# Steel Multi HM x Turquoise HM



## PieTime (Mar 16, 2014)

Today I put my turquoise female HM in the breeding tank with my steel multi HM male. So far they've been together for about 40 minutes. The female is definitely ready to go, and is giving the male a bit of a hard time since he hasn't built a nest. But he's dancing and flaring, and it looks like a bubblenest could be in the works here. Fingers crossed that all goes well! (I'll try and get some pics for you guys, but the water is kinda tinted from IAL)


----------



## Bikeridinguckgirl14 (Oct 22, 2013)




----------



## bettaboyshiva (Jul 14, 2011)

hope they spawned!


----------



## PieTime (Mar 16, 2014)

I ended up separating both fish last night after just 4 hours. I have _never_ seen a female tear up a male so badly before.
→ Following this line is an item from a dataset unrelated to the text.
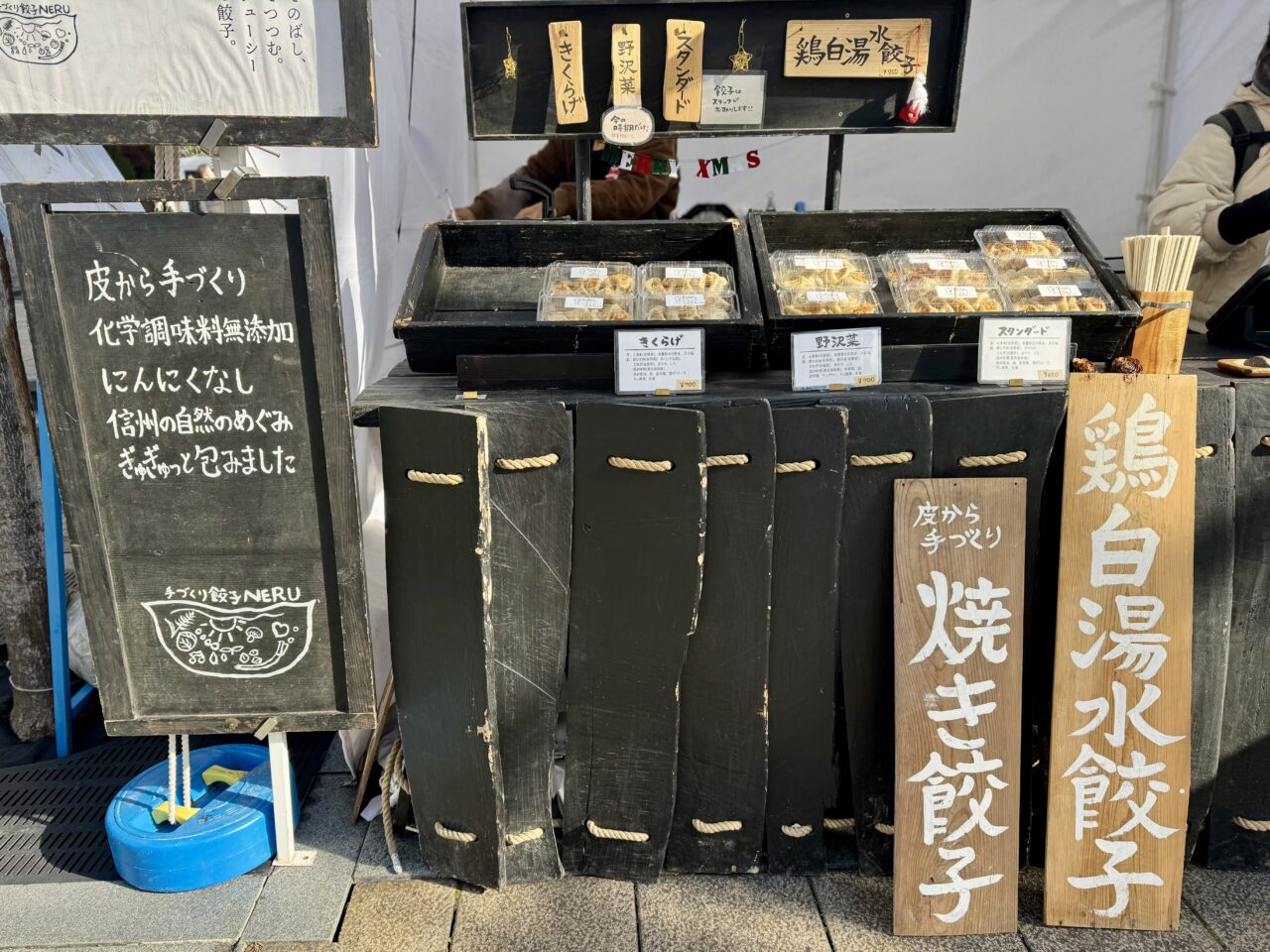 皮から手作り、化学調味料無添加、にんにくなし、などこだわりの手づくり餃子を販売していました。看板にある「鶏白湯水餃子」はインスタグラムに投稿がありましたよ。

It's not little nip marks, either, we're talking like whole strips of fin gone. Annoyingly, I spent a good 3 weeks conditioning this pair since they're both virgin fish. The male was still flaring and dancing, but looking exhausted, so I decided to put them back in their own tanks, lest I find him dead the next morning. The female's not even that big, and for as badly as she shredded him, she has no battle wounds whatsoever :| Looks like I'll need a bigger, more aggressive male than this guy.


----------



## amphirion (Jan 15, 2014)

my last pair was like that. funny thing-- female was shredded to bits but had no horizontal bar displays. almost as if she was into the kink. best of luck the second time around.


----------



## bettaboyshiva (Jul 14, 2011)

he may never spawn with her...but she however is showing you that ur male is weak and if he cannot beat her...she willl not submit to him and therefore no spawning will occur..my suggestion...feed up ur male and fatten him and try round two soon if no other male is available..


----------